Celles et ceux qui connaissent un peu ma bibliographie savent que je me suis intéressée de près à l’anorexie, ayant publié en 2018 un petit ouvrage passé inaperçu : Kilogramme Zéro (5 Sens éditions).

Le contact avec Sabrina Palumbo, rencontrée sur Twitter, s’est donc créé comme une évidence, et elle a eu l’extrême gentillesse de m’offrir les ouvrages qu’elle a publiés sur ce sujet – notamment L’âme en éveil, le corps en sursis (éd. Quintessence), qui m’a fait forte impression.

L’anorexie ne regroupe pas une sorte de population homogène permettant d’identifier clairement des causes à cette maladie et d’entrevoir un espoir de traitement.

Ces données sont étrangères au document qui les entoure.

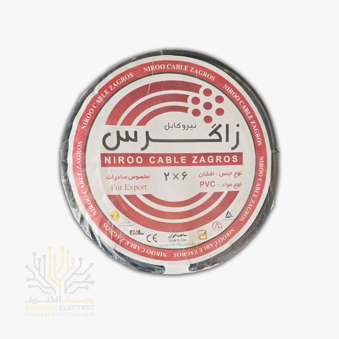 کابل برق نمره 2x6 برند نیرو کابل زاگرس استاندارد حلقه 94 متری

Les « profils » peuvent offrir des caractéristiques très disparates, et si, dans nombre de cas, un régime alimentaire trop strict en a constitué l’élément déclencheur, ce n’est que l’aspect visible de l’iceberg. Car tout se joue dans la partie immergée, aux variations et formes infinies.
Chaque parcours est « unique », la maladie étant « vécue différemment » par chaque personne qui en est atteinte.

Quand on vise la condition d’athlète de haut niveau, certaines phrases ne tombent pas dans l’oreille d’une sourde, comme : « Si tu ne donnes pas de graisse à ton corps tu n’en fabriques pas » ; ou encore cette remarque de l’entraîneur de Sabrina à son père : « Elle est sponsorisée par Nutella® ? » – « humiliation suivie d’une bonne claque sur les fesses », histoire de bien fournir de l’engrais à la maladie pour qu’elle étende plus vite sa toxicité.

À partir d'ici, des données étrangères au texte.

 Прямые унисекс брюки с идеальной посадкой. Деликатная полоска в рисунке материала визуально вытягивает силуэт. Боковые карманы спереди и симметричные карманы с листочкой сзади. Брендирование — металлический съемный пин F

Photo : ©RoffinellaMartine.

L’itinéraire de Sabrina Palumbo, finaliste aux championnats de France d’athtlétisme et « tombant » dans l’anorexie après avoir voulu « améliorer ses performances sportives » en maigrissant – elle sera sauvée in extremis, alors qu’elle ne pèse plus que 27 kilos –, est à mon sens riche d’enseignements : c’est pourquoi j’ai souhaité lui décerner ici un « Coup de chapeau » bien mérité.

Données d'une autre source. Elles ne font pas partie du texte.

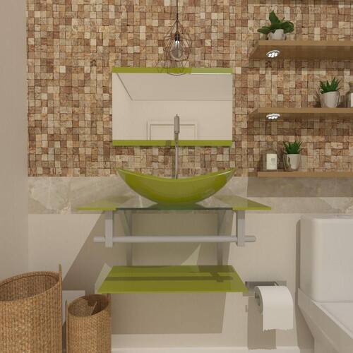 GABINETE DE VIDRO 40CM AC COM CUBA OVAL VERDE OLIVA + TORNEIRA METAL Os nossos gabinetes são indicados para projetos arrojados e de muito bom gosto, além de valorizar o seu ambiente com sofisticação em uma decoração de alto padrão, ele consegue usufruir das vantagens que o vidro proporciona e gerar uma durabilidade indiscutível, sem contar que com as várias opções de cores, você sempre poderá encontrar uma cor perfeita para o seu banheiro. Os vidros são pintados com tinta de alta performance o que lhe garante a permanência da cor . Na compra deste super combo 2 em 1, você compra de uma só vez, o gabinete e a torneira, de forma mais fácil, mais rápido e mais barato. Dados Técnicos Itens Inclusos: - Bancada de vidro com furo para torneira 3,5cm diâmetro e válvula click 4,5cm diâmetro ; - Cuba de vidro oval; - Espelho; - Estrutura e porta toalha de aço carbono com pintura eletrostática cinza; - kit parafusos completo para instalação; - Prateleira de vidro da bancada; - Válvula Click. - Torneira de Metal Cromada Dimensões: - Bancada de Vidro: 40 x 40cm largura x profundidade - Cuba de Vidro Oval: 38 X 26cm comprimento x profundidade - Prateleira Bancada: 40 x 20cm largura x profundidade - Espelheira: 40 x 40cm largura x altura - Porta Toalha: 40cm largura - Válvula: 1" 1/4 Espessuras: - Bancada de Vidro: 8 mm - Cuba de Vidro: 10 mm - Prateleira Bancada: 5 mm - Espelheira: 3 mm Itens inclusos: 01 Torneira cromada. Material: Liga metálica cromada Conexão de entrada: 1/2 polegada -1/4 volta Altura Total da Torneira: 37 cm. Altura da Queda d’água: 27 cm. Pressão Mínima da Água: Recomenda-se uma pressão de pelo menos 6MTC metros de coluna d’água para melhor performance do produto. de todos os itens: 12 meses conforme política de troca e devoluções . Montagem: Montagem e instalação não inclusa na venda ou preço do produto, elas são de inteira responsabilidade do cliente. * Imagens ilustrativas. Marca: Não Informado

À celles et ceux qui redoutent d’avoir à subir un énième récit où le pathos est de bon aloi, je dis tout de suite que ce n’est ni le style ni le tempérament de Sabrina Palumbo, qui est une « battante », une femme de courage peu habituée à se plaindre et dont le but, en publiant son histoire, est d’apporter des éléments d’aide – de transmettre ce qu’elle a appris de l’anorexie et de la boulimie, afin que cette expérience puisse servir à d’autres.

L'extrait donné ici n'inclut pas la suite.